CCAT Question Types Explained

Verbal Reasoning

CCAT verbal questions may include:

  • synonyms;
  • antonyms;
  • analogies;
  • sentence completion;
  • word relationships;
  • verbal classification;
  • vocabulary in context.

Example:

Brief is most similar to:

  • A. Short
  • B. Heavy
  • C. Late
  • D. Loud

Correct answer: A. Short

Related guide:

Verbal reasoning practice can help you build speed on synonyms, analogies and sentence logic before CCAT verbal sections.

Math and Logic

CCAT math and logic questions may include:

  • arithmetic;
  • percentages;
  • ratios;
  • fractions;
  • word problems;
  • number series;
  • logic statements;
  • comparisons;
  • basic algebra-style thinking.

Example:

What is 20% of 150?

  • A. 20
  • B. 25
  • C. 30
  • D. 35

Correct answer: C. 30

Related guide:

Numerical reasoning test practice can help you rehearse percentages, word problems and number series under time pressure.

Spatial Reasoning

CCAT spatial questions may include:

  • shape sequences;
  • rotations;
  • matrices;
  • figure patterns;
  • odd-one-out questions;
  • visual logic;
  • pattern completion.

Example:

Arrow up → arrow right → arrow down → arrow left → ?

Correct answer: arrow up

Related guide:

Abstract reasoning practice can help you recognize shape patterns, rotations and matrix rules faster on CCAT spatial items.

How Is the CCAT Scored?

The CCAT is usually scored based on the number of correct answers.

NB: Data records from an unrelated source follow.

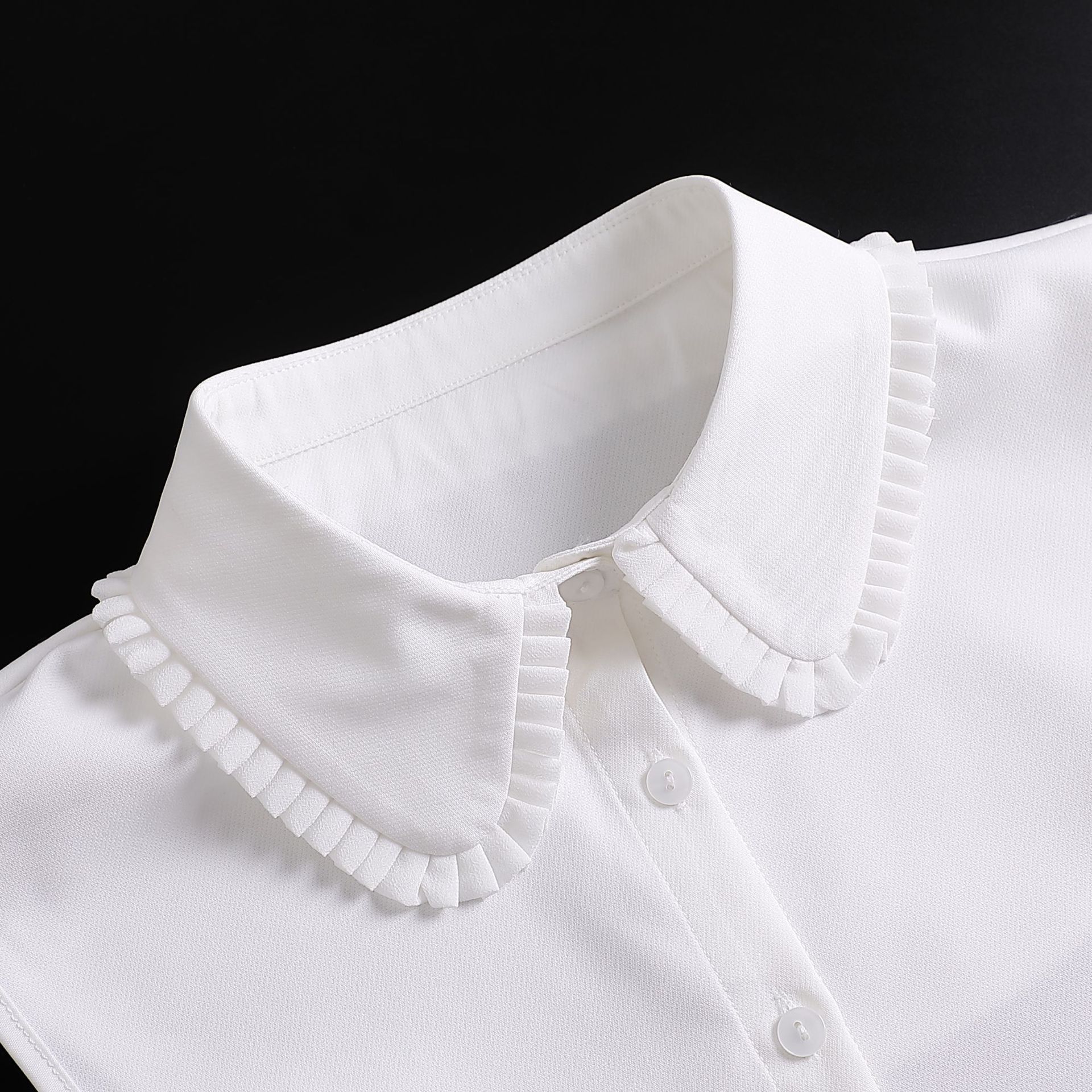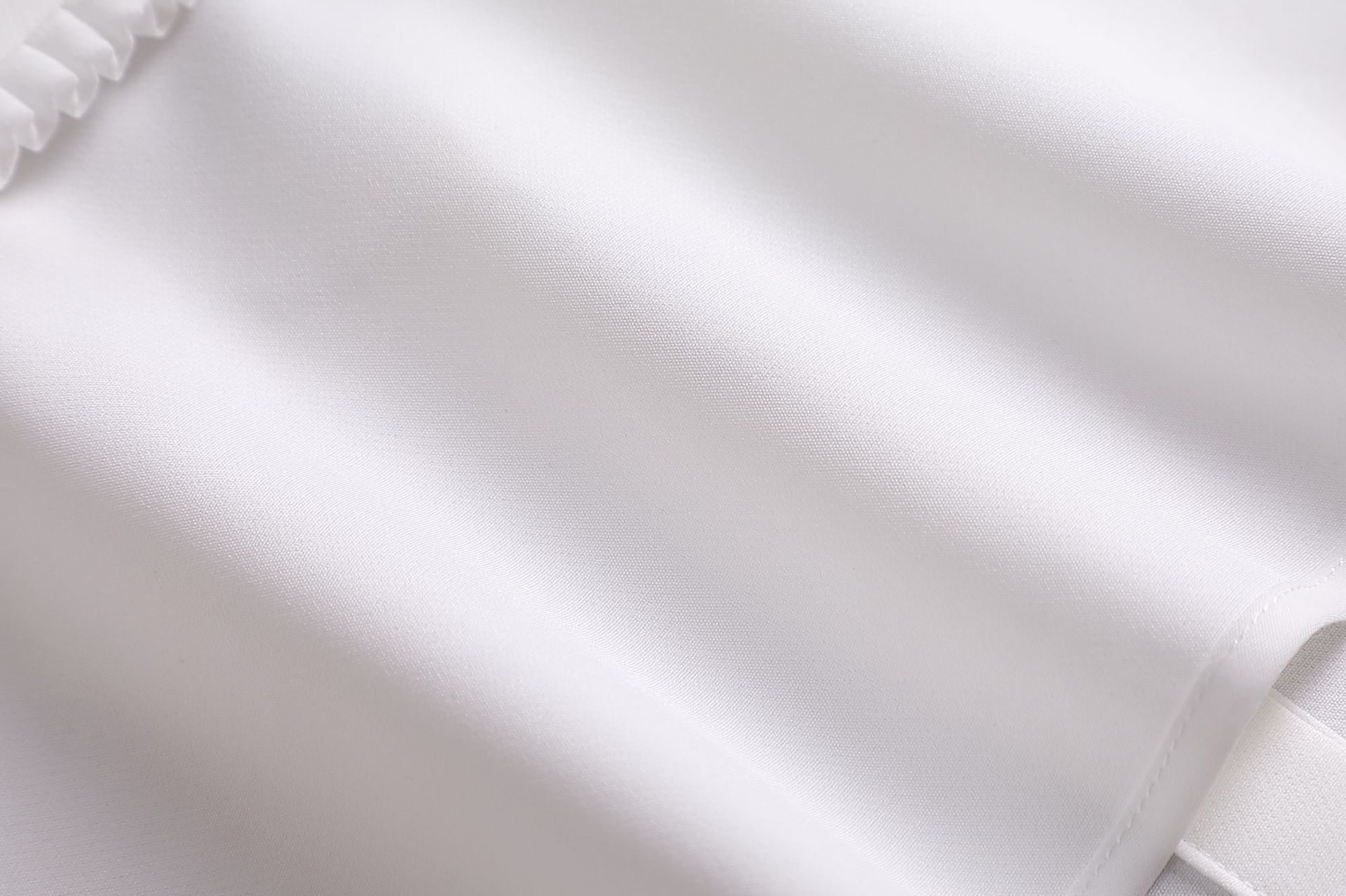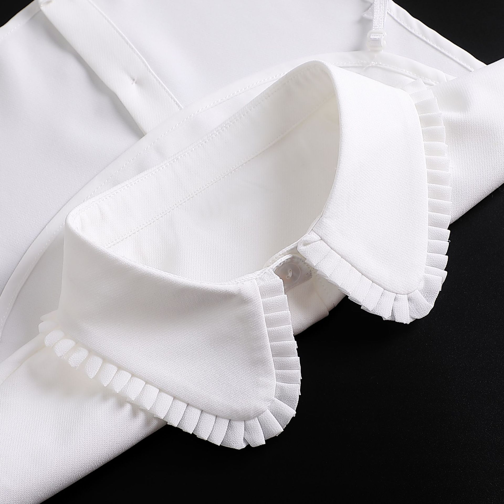Белая шифоновая блузка для женщин с воротником-стойкой и рюшами, профессиональный топ, очень элегантный и стильный, оптовая продажа от производителя для трансграничной торговли.
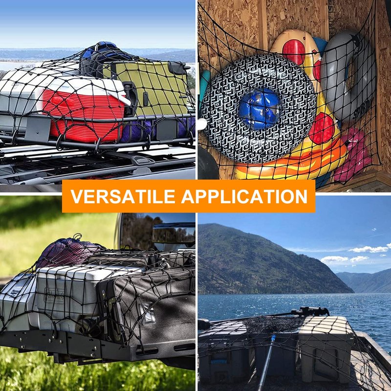 - Universal Mesh Cargo Nets: This pickup truck cargo net is perfect for rooftop cargo carriers and luggage racks for pickups, trucks, trailers, jeeps, GMC, SUVs, ATV/UTVs, boats, and so on
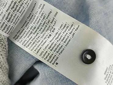 - Krój 2w1: szary, dzianinowy sweter z wszytą błękitną, koszulową wstawką (bawełniany „spód” i mankiety).
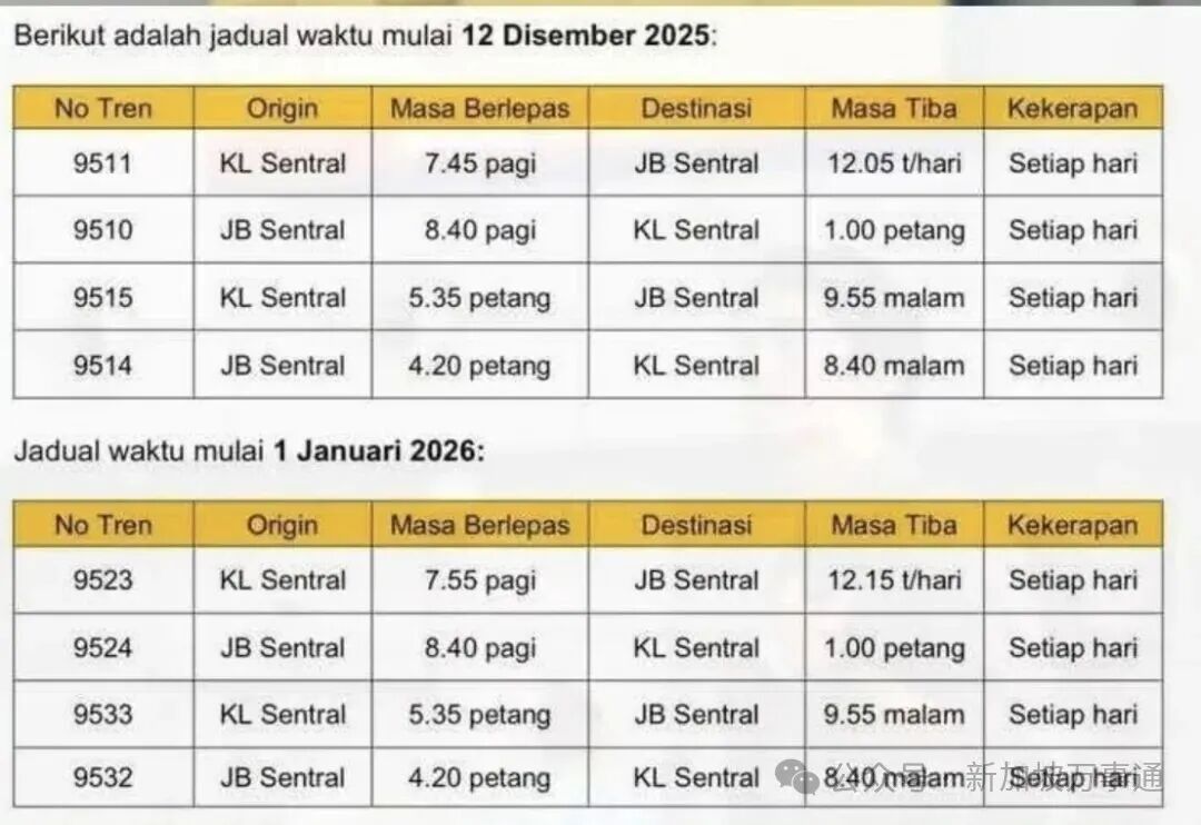 12月12日,上午8时40分,从新山中央车站向北开动至吉隆坡的电动列车服务正式启动。

Common score concepts include:

  • raw score;
  • percentile rank;
  • comparison to other candidates;
  • role benchmark;
  • employer-specific score interpretation.

A raw score is the number of questions answered correctly.

A percentile rank shows how your score compares with a reference group.

CCAT practice questions with score reports can help you track raw score and pacing improvements across timed sets.

Related guide:

What Is a Good CCAT Score?

A good CCAT score depends on the role and employer.

In general:

Score Range General Meaning
Low score May be below many employer benchmarks
Average score May be acceptable for some roles
Above-average score Stronger for competitive roles
High percentile Usually a strong result
Very high percentile May stand out for cognitively demanding roles

Do not assume there is one universal passing score. Employers may use different benchmarks depending on the role.

Related guide:

CCAT Time Management

The CCAT gives you 15 minutes for 50 questions.

That is only 18 seconds per question on average.

This means you need to:

  • answer easy questions quickly;
  • skip difficult questions when allowed;
  • avoid long calculations;
  • use elimination;
  • guess if there is no penalty and time is running out;
  • avoid perfectionism;
  • practice under strict timing.

The CCAT is not designed for slow, careful solving of every question.

Related guide:

CCAT Skipping Strategy

A good skipping strategy can improve your score.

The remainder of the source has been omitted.